Langsung ke konten utama

Sufisme Islam ke Mistik Jawa

Sufisme Islam, (Transformasi Tasawuf Islam ke Mistik Jawa), Dr Simuh, Yayasan Bentang Budaya, Yogyakarta, 1995, viii + 271 halaman.


PROSES perkembangan awal Islam di Indonesia tak bisa dilepaskan dari ajaran tasawuf (sufisme). Tasawuf memegang peranan yang sangat penting bagi perkembangan Islam di negeri ini, utamanya di Pulau Jawa. Islam berkembang di Pulau Jawa bukan ditentukan oleh ilmu pengetahuan seperti misalnya yang pernah terjadi di Eropa, atau melalui pemikiran-pemikiran, melainkan melalui ajaran-ajaran tasawuf. Kenapa tasawuf? Sebab para ulama yang datang dan menyebarkan Islam ke Jawa memang merupakan ulama sufi. Para wali yang menyebarkan Islam di Jawa adalah para sufi. Selain itu, Islam - Tasawuf yang dikembangkan oleh para sufi memiliki "kemiripan" dengan konsep filsafat mistik orang Jawa, sehingga menjadikan tasawuf lebih mudah diterima.

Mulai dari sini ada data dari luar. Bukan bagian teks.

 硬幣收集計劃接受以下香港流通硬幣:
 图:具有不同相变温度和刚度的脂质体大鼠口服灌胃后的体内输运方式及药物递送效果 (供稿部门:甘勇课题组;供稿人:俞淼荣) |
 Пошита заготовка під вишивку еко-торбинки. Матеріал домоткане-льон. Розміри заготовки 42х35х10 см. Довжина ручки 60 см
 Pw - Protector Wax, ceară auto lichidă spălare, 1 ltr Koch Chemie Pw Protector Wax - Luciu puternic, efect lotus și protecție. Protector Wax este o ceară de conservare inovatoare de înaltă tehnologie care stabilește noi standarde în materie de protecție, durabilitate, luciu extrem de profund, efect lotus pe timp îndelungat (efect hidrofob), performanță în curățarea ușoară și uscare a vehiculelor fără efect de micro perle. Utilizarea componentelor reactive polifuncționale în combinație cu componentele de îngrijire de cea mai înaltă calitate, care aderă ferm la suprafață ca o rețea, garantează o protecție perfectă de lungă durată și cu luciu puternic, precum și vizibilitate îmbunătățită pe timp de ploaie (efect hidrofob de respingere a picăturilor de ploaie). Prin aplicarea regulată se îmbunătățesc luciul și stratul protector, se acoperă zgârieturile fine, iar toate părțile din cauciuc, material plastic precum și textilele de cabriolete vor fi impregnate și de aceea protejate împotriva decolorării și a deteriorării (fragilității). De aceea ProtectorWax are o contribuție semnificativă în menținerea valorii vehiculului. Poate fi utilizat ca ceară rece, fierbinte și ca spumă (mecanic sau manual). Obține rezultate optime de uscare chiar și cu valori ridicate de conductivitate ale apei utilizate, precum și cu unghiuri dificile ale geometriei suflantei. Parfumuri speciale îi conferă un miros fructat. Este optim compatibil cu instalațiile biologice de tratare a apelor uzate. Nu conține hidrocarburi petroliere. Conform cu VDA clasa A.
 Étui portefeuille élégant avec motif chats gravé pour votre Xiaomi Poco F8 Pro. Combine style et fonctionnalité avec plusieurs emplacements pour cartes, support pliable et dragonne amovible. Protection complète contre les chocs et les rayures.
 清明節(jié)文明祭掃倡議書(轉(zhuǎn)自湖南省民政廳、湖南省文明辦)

Jauh sebelum orang-orang Jawa mengenal ajaran-ajaran tasawuf yang dikembangkan oleh para ulama muballigh Islam, mereka telah akrab dengan kebudayaan mereka sendiri yang khas dengan animisme dan dinamisme-nya di kalangan rakyat, serta Hinduisme - Budhisme di kalangan elit istana. Kebudayaan ini memiliki ciri khas yang halus, adiluhung dan sangat terbuka. Sifat khas yang seperti ini memungkinkan unsur-unsur luar tak begitu kesulitan untuk masuk ke dalamnya, melalui sinkretisasi atau akulturasi. Dengan cara inilah Islam berproses menjadi agamanya (sebagian) orang-orang Jawa yang, pada awalnya, dikembangkan oleh para wali.

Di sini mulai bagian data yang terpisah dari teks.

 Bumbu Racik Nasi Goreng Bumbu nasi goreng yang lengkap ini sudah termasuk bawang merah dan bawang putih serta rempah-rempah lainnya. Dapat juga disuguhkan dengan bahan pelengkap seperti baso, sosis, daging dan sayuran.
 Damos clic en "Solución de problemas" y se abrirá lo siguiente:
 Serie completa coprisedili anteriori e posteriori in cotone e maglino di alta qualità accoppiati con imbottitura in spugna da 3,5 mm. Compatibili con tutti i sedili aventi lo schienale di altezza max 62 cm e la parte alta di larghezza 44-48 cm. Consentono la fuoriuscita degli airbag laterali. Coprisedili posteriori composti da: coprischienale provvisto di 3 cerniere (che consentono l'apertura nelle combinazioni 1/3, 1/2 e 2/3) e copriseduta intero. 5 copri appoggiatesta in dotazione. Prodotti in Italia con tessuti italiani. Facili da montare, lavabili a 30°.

Dengan cara perkembangan yang seperti ini, Islam di Jawa memiliki pula ciri khasnya. Banyak upacara-upacara dan kegiatan-kegiatan ritualistik yang sebenarnya merupakan produk animisme - dinamisme - Hindhuisme - Budhisme dipertahankan dan (hanya) dibingkai dengan nilai-nilai Islam. Seperti dengan pemberian doa secara Islam dalam tradisi kenduri dan lain-lain.

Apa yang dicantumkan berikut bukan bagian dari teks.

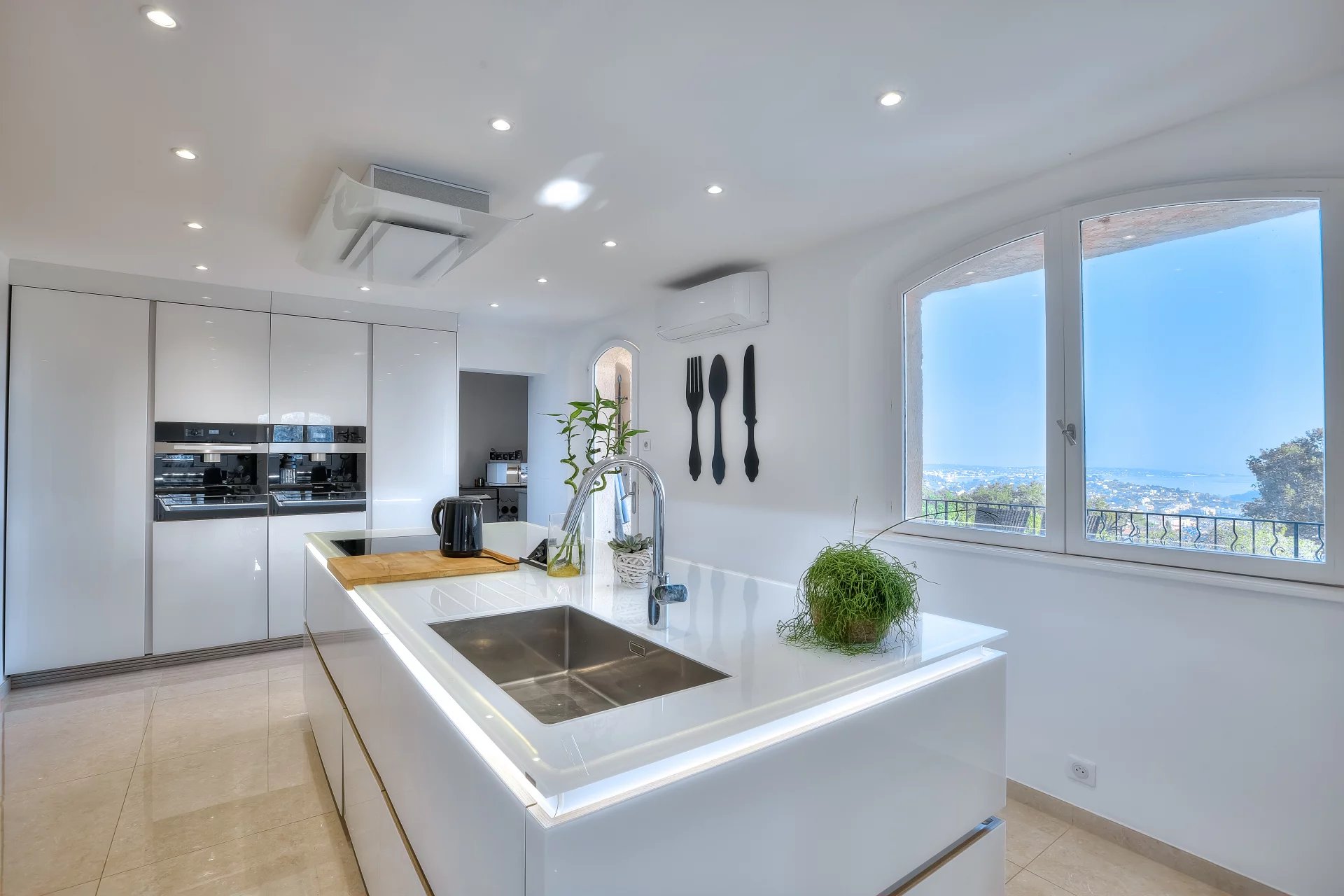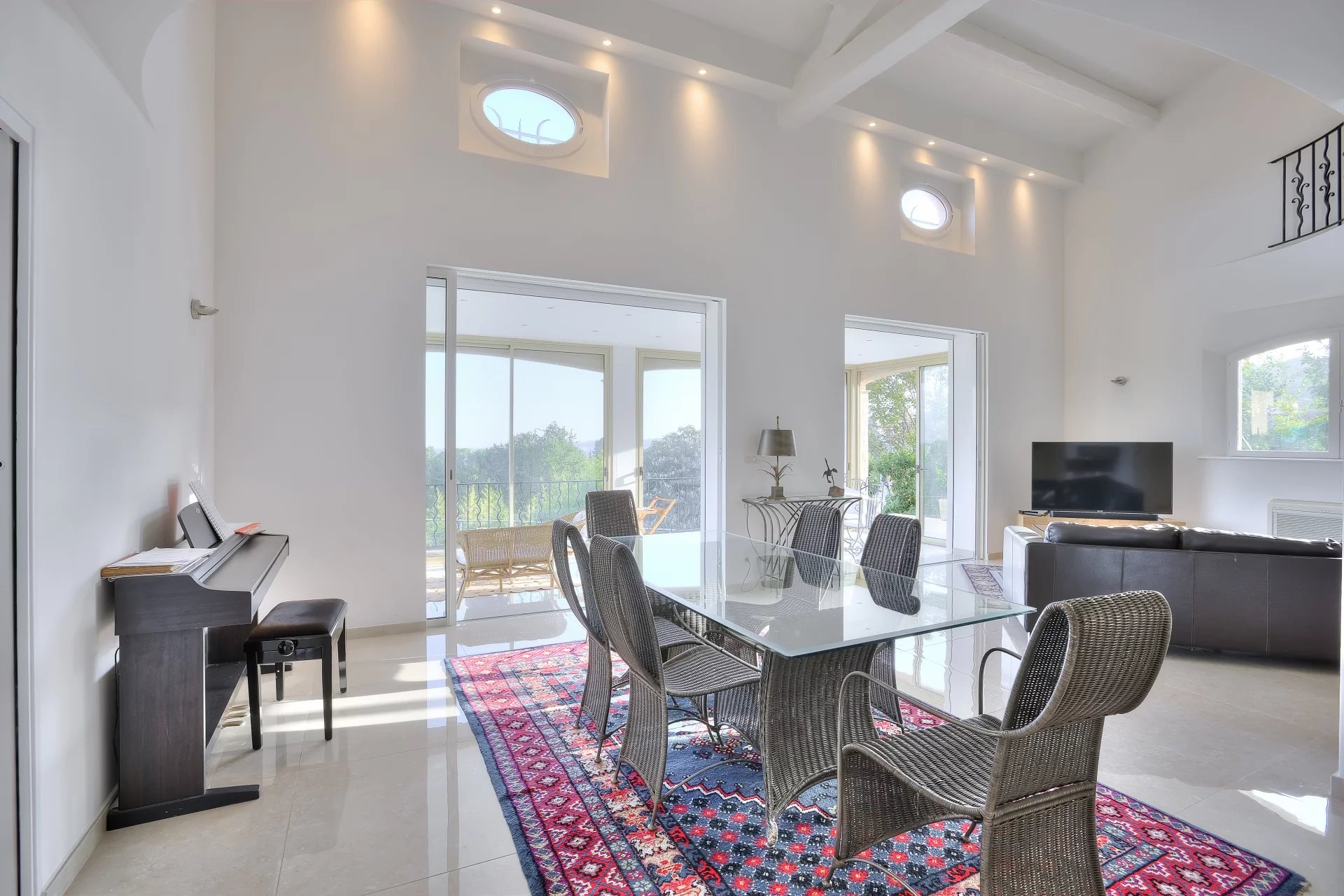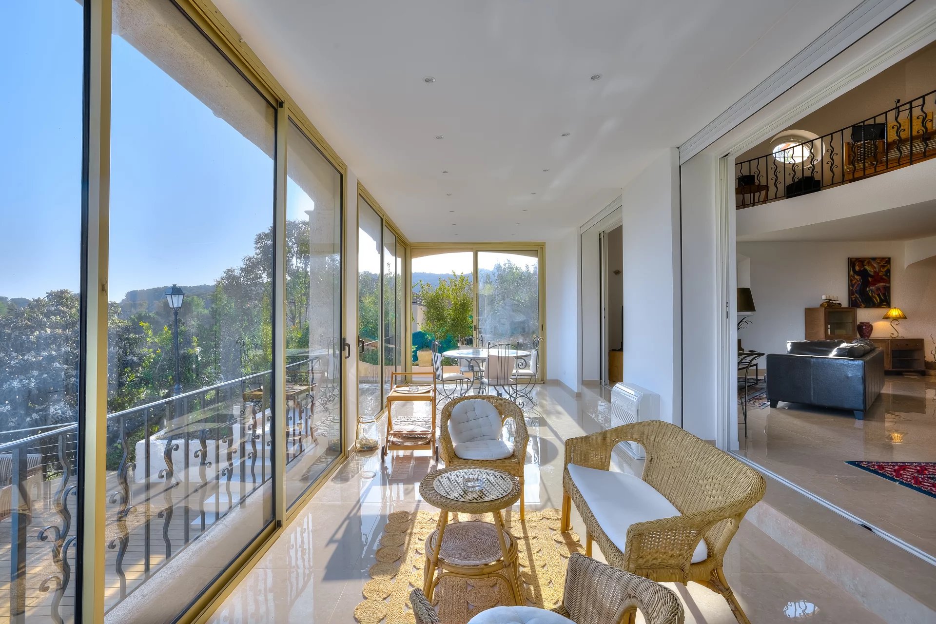 Position dominante pour cette villa lumineuse de presque 300 m² habitable avec belle vue mer et dégagée sur le Cap d'Antibes, quartier au calme. Sans vis à vis. Construction traditionnelle sur deux niveaux avec garage, terrasses, sur terrain en restanque de 1500 m². L'espace se compose d'une large entrée, chambre de maitre avec salle de bains/ douche et dressing, à l'étage inférieur , cuisine gourmet équipée d'un ilôt, salle de réception de 136 m² ( cheminée), véranda, sauna, 3 chambres et 2 salles de douche/ wc. grande piscine avec plage en bois exotique de 150 m². climatisation dans toutes les pièces.

Nah, pembingkaian adat dan tradisi non-Islam dengan nilai-nilai Islam inilah yang kemudian melahirkan ciri khas Islam di Jawa sebagai Islam-Kejawen, atau sering disebut sebagai Kejawen saja. Islam - Kejawen ini berkembang pesat manakala di Pulau Jawa ini bermunculan kerajaan-kerajaan Islam serta beralihnya pusat-pusat kerajaan ke daerah pedalaman, di mana sang raja yang non-Islam kemudian berpindah mengikuti agama Islam. Di sinilah Islam berkembang menjadi agama rakyat. Soalnya, konsep feodalisme dalam kerajaan di Jawa meniscayakan rakyat mengikuti apa yang dilakukan oleh rajanya, termasuk dalam hal ini adalah agama yang dianut sang raja.

Lalu apa yang sebenarnya melatarbelakangi pembingkaian adat dan tradisi non-Islam dengan nilai-nilai Islam (Islamisasi) tersebut bisa terlaksana? Menurut Dr. Simuh, pakar Islam - Kejawen yang kini adalah Rektor Institut Agama Islam Negeri Sunan Kalijaga Yogyakarta ini, ada empat hal yang melatarbelakangi hal tersebut. Pertama, warisan budaya Jawa yang halus dan adiluhung bisa dipertahankan dan dimasyarakatkan apabila dipadukan dengan unsur-unsur Islam. Kedua, para pujangga dan sastrawan Jawa sangat memerlukan bahan-bahan sebagai subject-matters dalam berkarya. Dan untuk ini mereka "hanya" bisa menyadap dari budaya pesantren ketika pada saat itu budaya Hinduisme - Budhisme telah terputus. Ketiga, perlu untuk stabilitas, budaya dan politik antara tradisi pesantren dengan Kejawen yang sangat berbeda. Keempat, istana sebagai pelindung dan pendukung agama perlu membantu untuk menerjemahkan syiar Islam, sehingga muncullah tradisi muludan, sekaten dan lain-lain.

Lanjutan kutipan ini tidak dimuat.